#### [Data for this task]
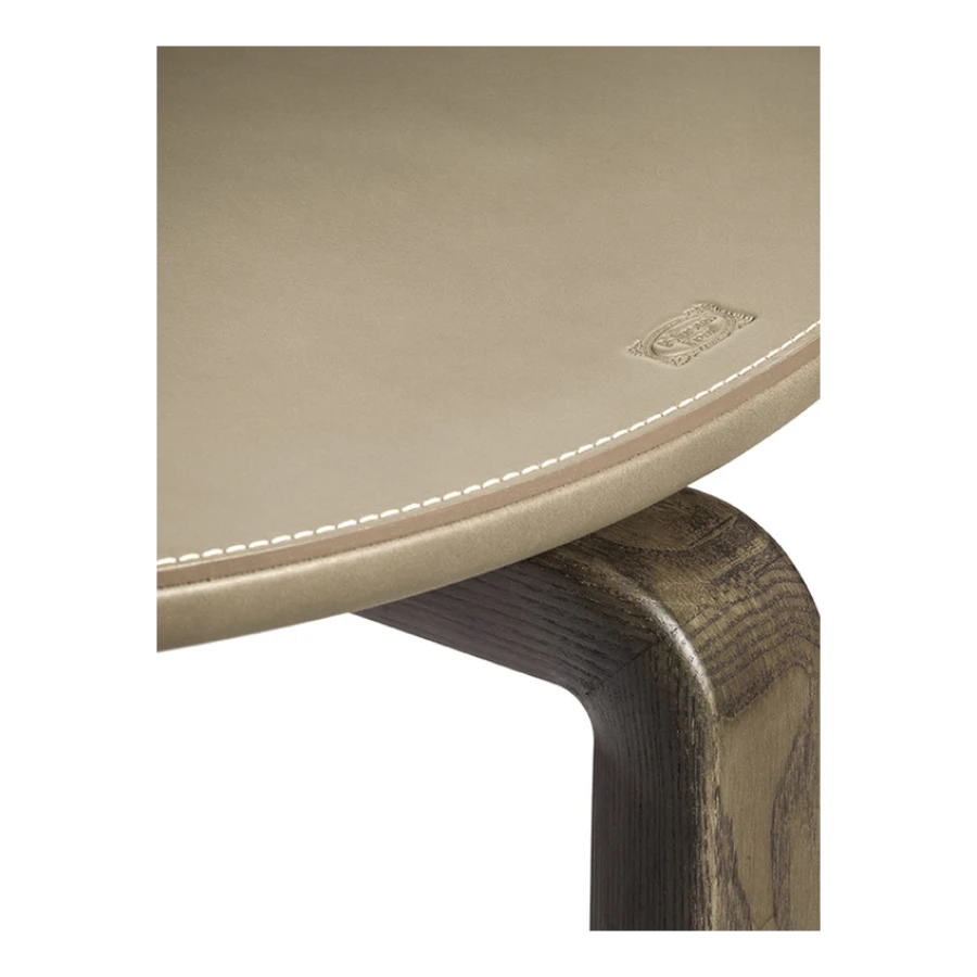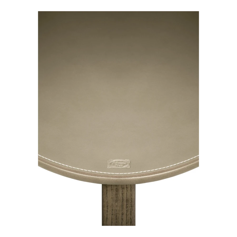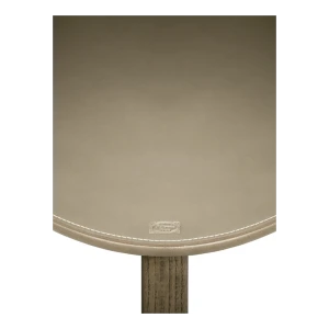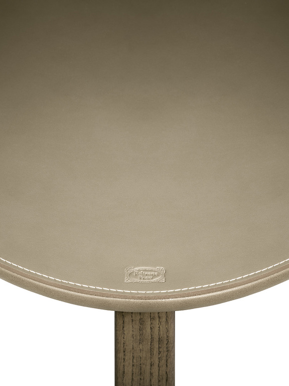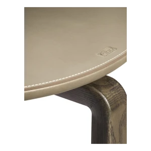 The top surface of the table top, in the rectangular and round variants, is upholstered in Cuoio Saddle Extra leather while the underneath is in Pelle Frau® leather. Edge stitching, tone on tone or contrast as desired, embellishes the surface of the saddle-leather top. Alternatively, the tops can come in Emperador marble with a glossy finish or Calacatta gold marble with a glossy or semi-glossy finish. Fidelio’s metal details are in brushed steel with galvanic treatment and a natural brass finish.
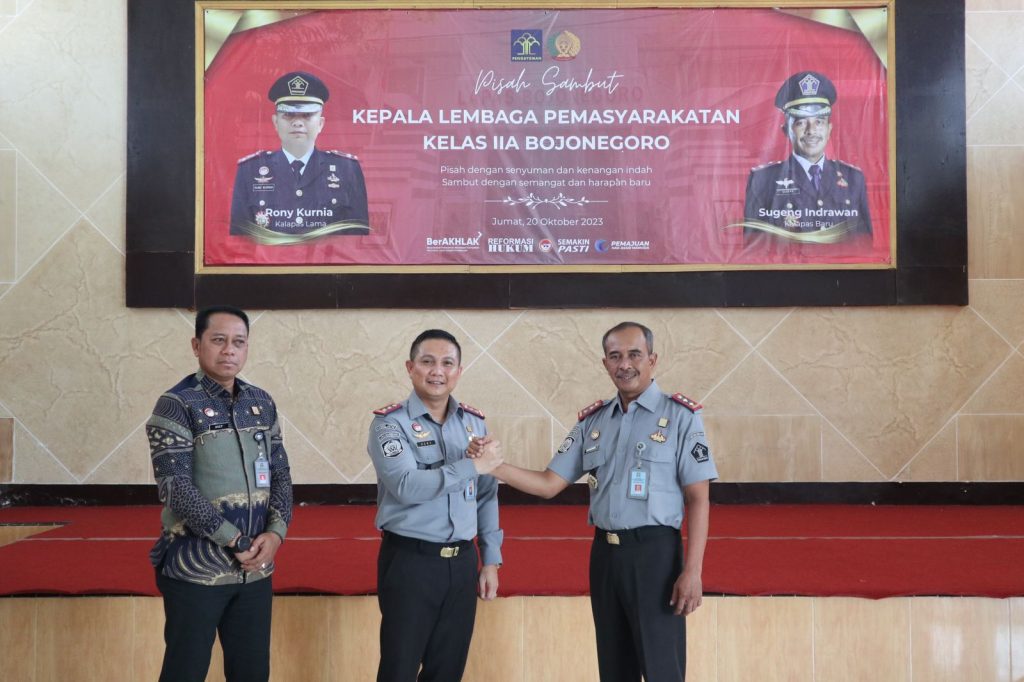 BOJONEGORO– Lembaga Pemasyarakatan Kelas IIA Bojonegoro menggelar kegiatan Pisah Sambut Pimpinan dari Rony Kurnia kepada Sugeng Indrawan sebagai Kepala Lembaga Pemasyarakatan yang baru, bertempat di Aula Lembaga Pemasyarakatan Kelas IIA Bojonegoro, Jum’at (20/10).
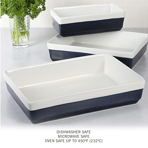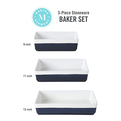 MARTHA STEWART 3 Piece Oven to Table Stoneware Bakeware, Baking Dish & Casserole Set Cobalt Blue
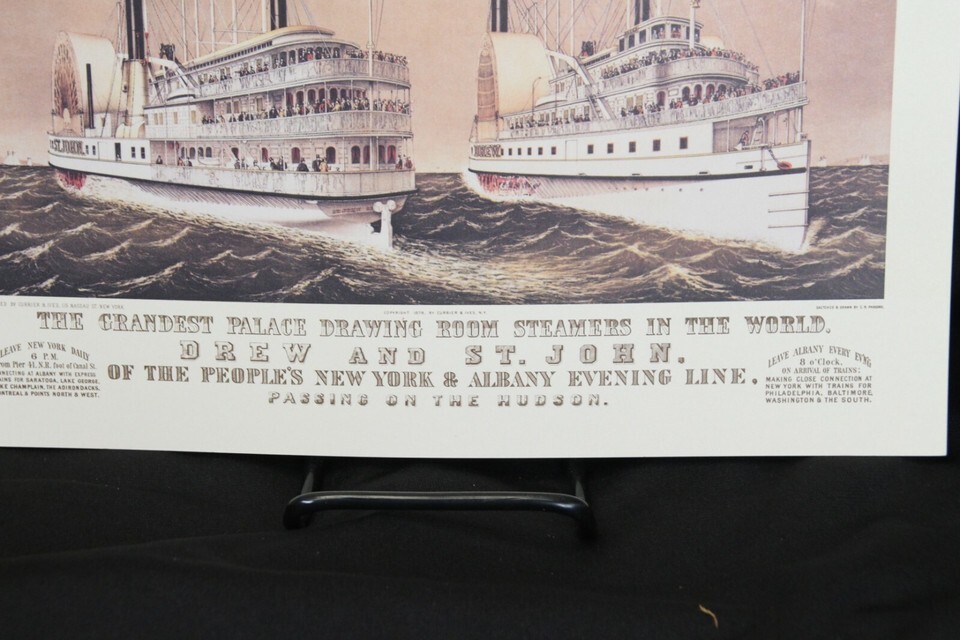 4 Currier Ives Steamboat Prints Midnight Race Columbia Mayflower Drew St John
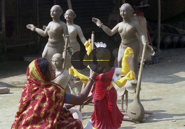 An artist gives the final touch on the idol of goddess Durga.Hindus believe that the goddess has the power to drive away all the evil spirits. Durga Puja is the biggest festival of this community.Gazipur, Dhaka, Bangladesh.
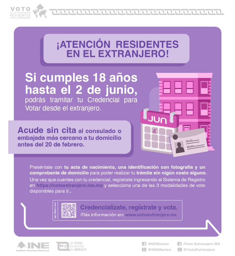 🇲🇽 “Para poder participar en la elección, es necesario tramitar la credencial para votar hasta el 20 de febrero. Recomendamos que la saquen cuanto antes para que puedan contar con ella y elegir la modalidad de votación, pues si les llegara después del 20 de febrero solo podrían votar por la modalidad presencial, es decir, acudiendo a alguno de los 23 Consulados que se habilitarán para votar” (Raúl Cruz).
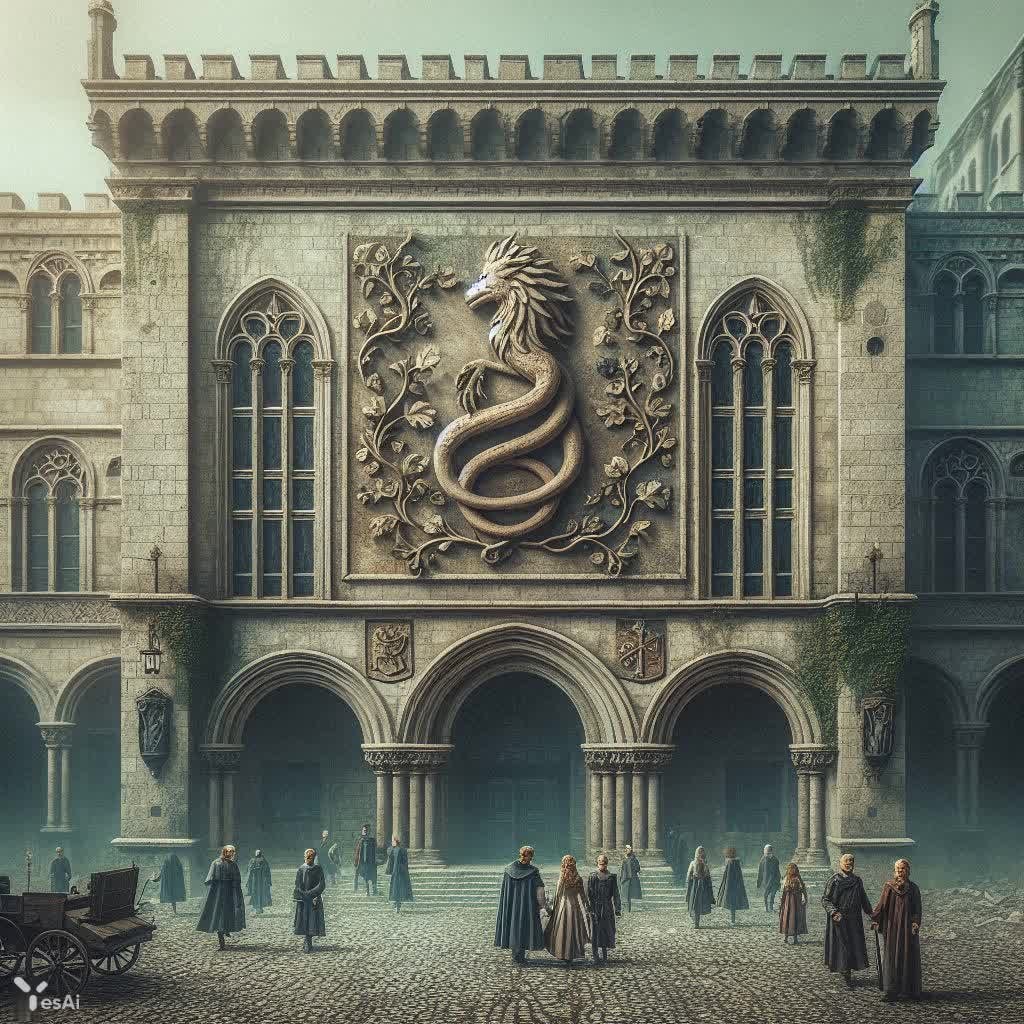 Взгляд на оживленную площадь средневекового города, словно сошедшего со страниц древней легенды. Каменные здания с остроконечными крышами окружают просторное пространство, где кипит жизнь – горожане, облаченные в традиционные одежды той эпохи, спешат по своим делам, создавая атмосферу подлинности и погружая зрителя в прошлое. В центре внимания – величественная ратуша, украшенная гербом с изображением извивающейся лозы, символизирующей процветание и связь с землей. Детализированный фон рисует картину средневековой архитектуры, с узкими улочками, ведущими вглубь города, и высокими башнями, возвышающимися над крышами домов. Этот пейзаж переносит нас в мир рыцарей и магов, где каждый камень хранит историю, а воздух наполнен духом приключений и тайн. Кажется, будто время остановилось, позволяя нам заглянуть в прошлое и ощутить себя частью этого волшебного мира. Ощущение погружения усиливается благодаря вниманию к деталям – от текстуры камня до мельчайших элементов костюмов горожан. Это не просто изображение города, это окно в другую эпоху, где фантазия переплетается с реальностью, а каждый уголок таит в себе неизведанные истории и загадки. Почувствуйте дыхание средневековья, ощутите атмосферу волшебства и окунитесь в мир фэнтезийных приключений
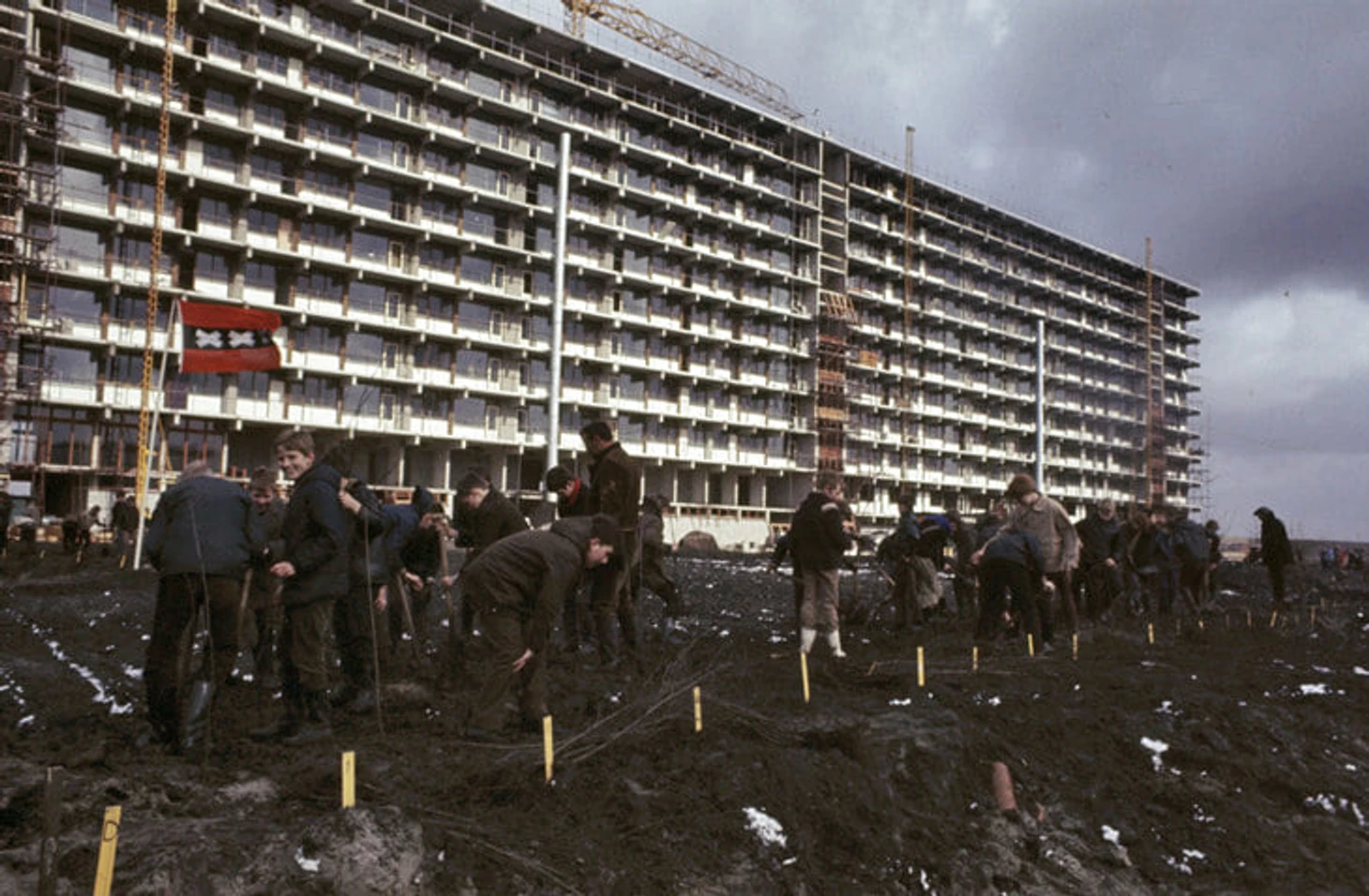 Школьники сажают деревья для строящихся квартир в Бейлмере, 1968 год
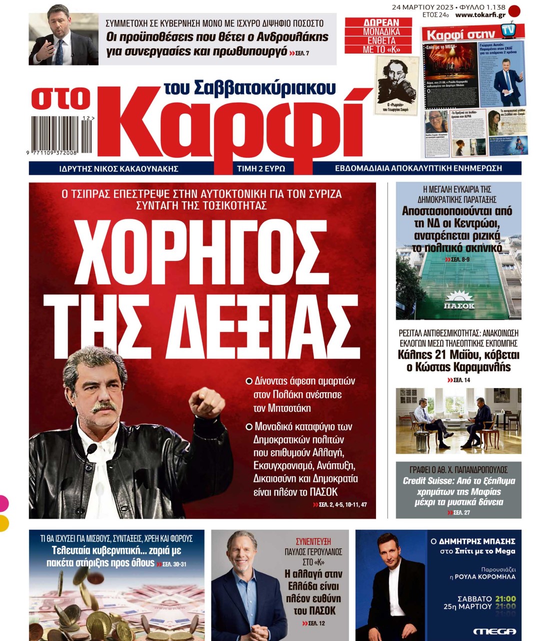 Μη χάσετε εκτάκτως την Παρασκευή 24 Μαρτίου 2023 το αποκαλυπτικό «ΚΑΡΦΙ» που κυκλοφορεί σε όλα τα περίπτερα της χώρας με πλούσια θεματολογία και πολλές αποκλειστικότητες.
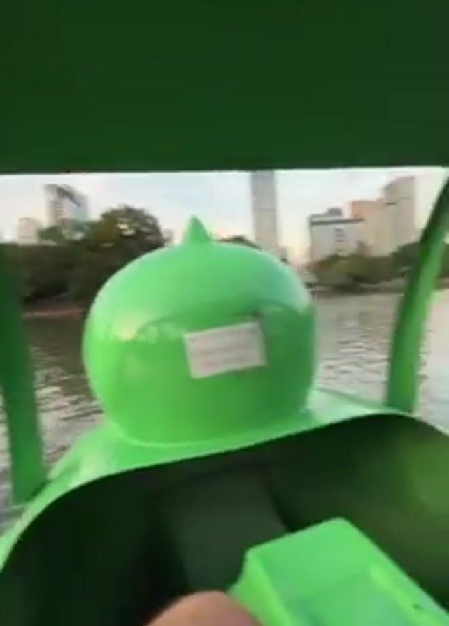woman in a green life vest seated in a green paddle boat on a lake. She turns to face the camera and smiles and waves. There are other paddle boats on the water. In the background are tall buildings and trees. The sky is blue with white clouds.
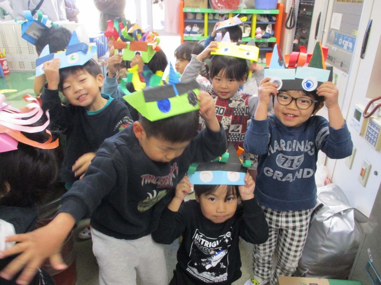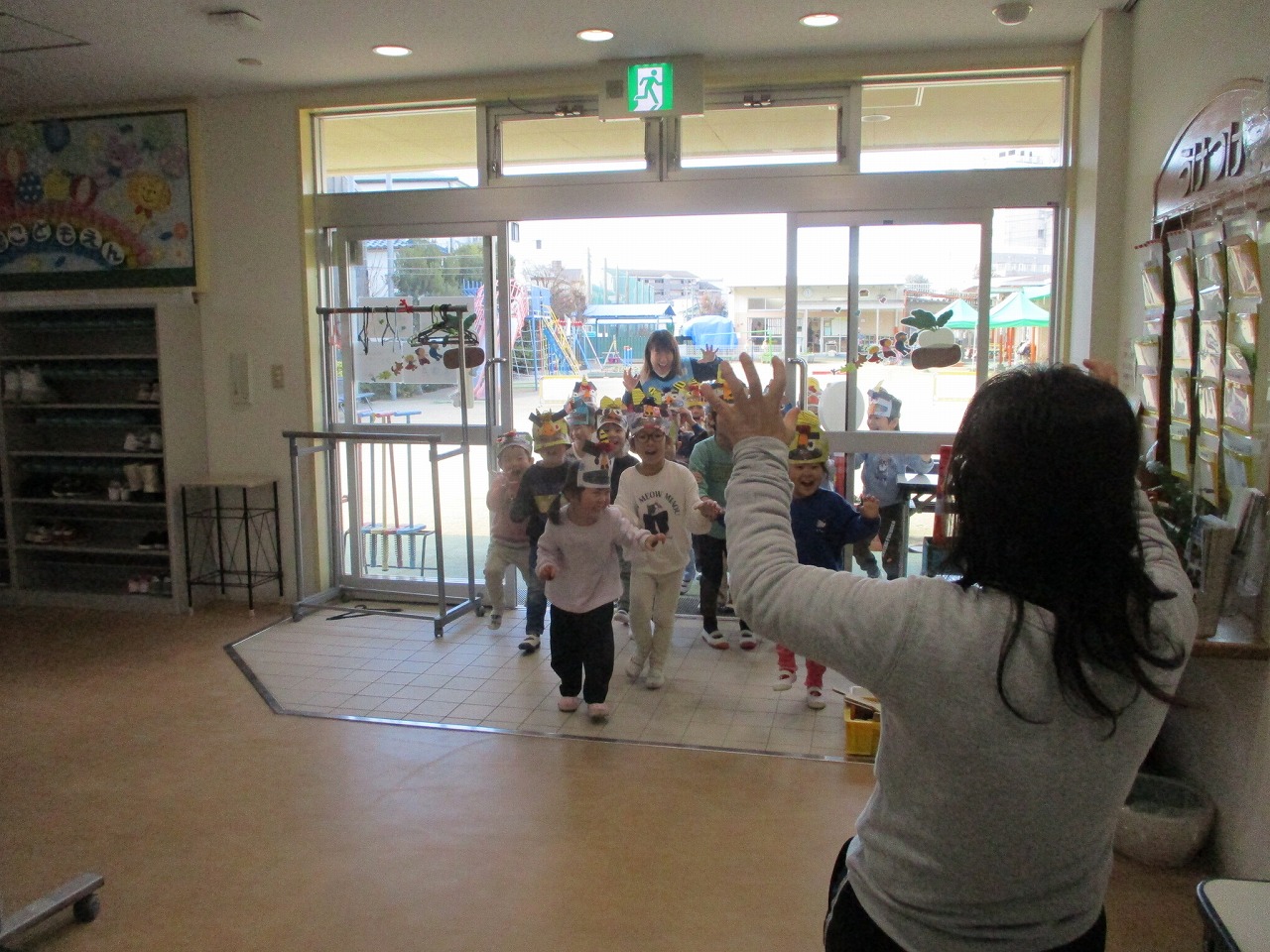 節分の集いで披露するのを待ちきれず、事務所の先生に見せに来てくれたクラスもありました。
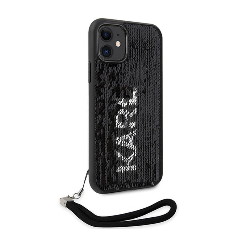 Karl Lagerfeld Sequins Cord - pouzdro se šňůrkou na iPhone 11 (stříbrné)
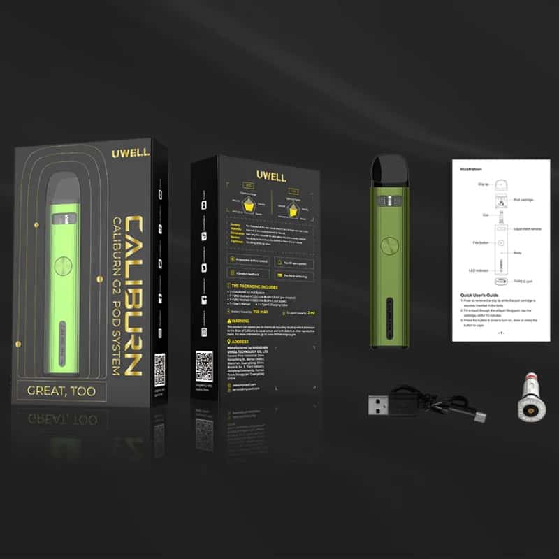 Uwell Caliburn G2 är ett litet och kompakt podsystem som är enkelt att använda utan några inställningar. Caliburn G2 har en autodraw funktion vilket innebär att den startar såfort du tar ett bloss, det går såklart även bra att använda sig av knappen. Poddarna har en volym på 2ml och till skillnad från sitt syskon Caliburn A2 så kan man byta själva coilen i podden. Det inbyggda batteriet har en kapacitet på 750mAh och laddning sker via USB-C.
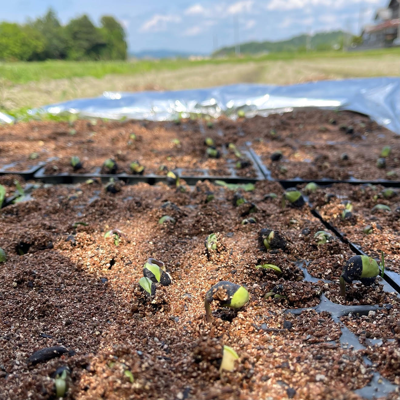 先週、川北黒大豆の種まきをして、みんな一斉に芽を出してくれました👍🏻✨

#### [Problem description]
Transcribe all of the data above verbatim but omit every picture.

#### [Exercise result]
 The top surface of the table top, in the rectangular and round variants, is upholstered in Cuoio Saddle Extra leather while the underneath is in Pelle Frau® leather. Edge stitching, tone on tone or contrast as desired, embellishes the surface of the saddle-leather top. Alternatively, the tops can come in Emperador marble with a glossy finish or Calacatta gold marble with a glossy or semi-glossy finish. Fidelio’s metal details are in brushed steel with galvanic treatment and a natural brass finish.
 BOJONEGORO– Lembaga Pemasyarakatan Kelas IIA Bojonegoro menggelar kegiatan Pisah Sambut Pimpinan dari Rony Kurnia kepada Sugeng Indrawan sebagai Kepala Lembaga Pemasyarakatan yang baru, bertempat di Aula Lembaga Pemasyarakatan Kelas IIA Bojonegoro, Jum’at (20/10).
 MARTHA STEWART 3 Piece Oven to Table Stoneware Bakeware, Baking Dish & Casserole Set Cobalt Blue
 4 Currier Ives Steamboat Prints Midnight Race Columbia Mayflower Drew St John
 An artist gives the final touch on the idol of goddess Durga.Hindus believe that the goddess has the power to drive away all the evil spirits. Durga Puja is the biggest festival of this community.Gazipur, Dhaka, Bangladesh.
 🇲🇽 “Para poder participar en la elección, es necesario tramitar la credencial para votar hasta el 20 de febrero. Recomendamos que la saquen cuanto antes para que puedan contar con ella y elegir la modalidad de votación, pues si les llegara después del 20 de febrero solo podrían votar por la modalidad presencial, es decir, acudiendo a alguno de los 23 Consulados que se habilitarán para votar” (Raúl Cruz).
 Взгляд на оживленную площадь средневекового города, словно сошедшего со страниц древней легенды. Каменные здания с остроконечными крышами окружают просторное пространство, где кипит жизнь – горожане, облаченные в традиционные одежды той эпохи, спешат по своим делам, создавая атмосферу подлинности и погружая зрителя в прошлое. В центре внимания – величественная ратуша, украшенная гербом с изображением извивающейся лозы, символизирующей процветание и связь с землей. Детализированный фон рисует картину средневековой архитектуры, с узкими улочками, ведущими вглубь города, и высокими башнями, возвышающимися над крышами домов. Этот пейзаж переносит нас в мир рыцарей и магов, где каждый камень хранит историю, а воздух наполнен духом приключений и тайн. Кажется, будто время остановилось, позволяя нам заглянуть в прошлое и ощутить себя частью этого волшебного мира. Ощущение погружения усиливается благодаря вниманию к деталям – от текстуры камня до мельчайших элементов костюмов горожан. Это не просто изображение города, это окно в другую эпоху, где фантазия переплетается с реальностью, а каждый уголок таит в себе неизведанные истории и загадки. Почувствуйте дыхание средневековья, ощутите атмосферу волшебства и окунитесь в мир фэнтезийных приключений
 Школьники сажают деревья для строящихся квартир в Бейлмере, 1968 год
 Μη χάσετε εκτάκτως την Παρασκευή 24 Μαρτίου 2023 το αποκαλυπτικό «ΚΑΡΦΙ» που κυκλοφορεί σε όλα τα περίπτερα της χώρας με πλούσια θεματολογία και πολλές αποκλειστικότητες.
woman in a green life vest seated in a green paddle boat on a lake. She turns to face the camera and smiles and waves. There are other paddle boats on the water. In the background are tall buildings and trees. The sky is blue with white clouds.
 節分の集いで披露するのを待ちきれず、事務所の先生に見せに来てくれたクラスもありました。
 Karl Lagerfeld Sequins Cord - pouzdro se šňůrkou na iPhone 11 (stříbrné)
 Uwell Caliburn G2 är ett litet och kompakt podsystem som är enkelt att använda utan några inställningar. Caliburn G2 har en autodraw funktion vilket innebär att den startar såfort du tar ett bloss, det går såklart även bra att använda sig av knappen. Poddarna har en volym på 2ml och till skillnad från sitt syskon Caliburn A2 så kan man byta själva coilen i podden. Det inbyggda batteriet har en kapacitet på 750mAh och laddning sker via USB-C.
 先週、川北黒大豆の種まきをして、みんな一斉に芽を出してくれました👍🏻✨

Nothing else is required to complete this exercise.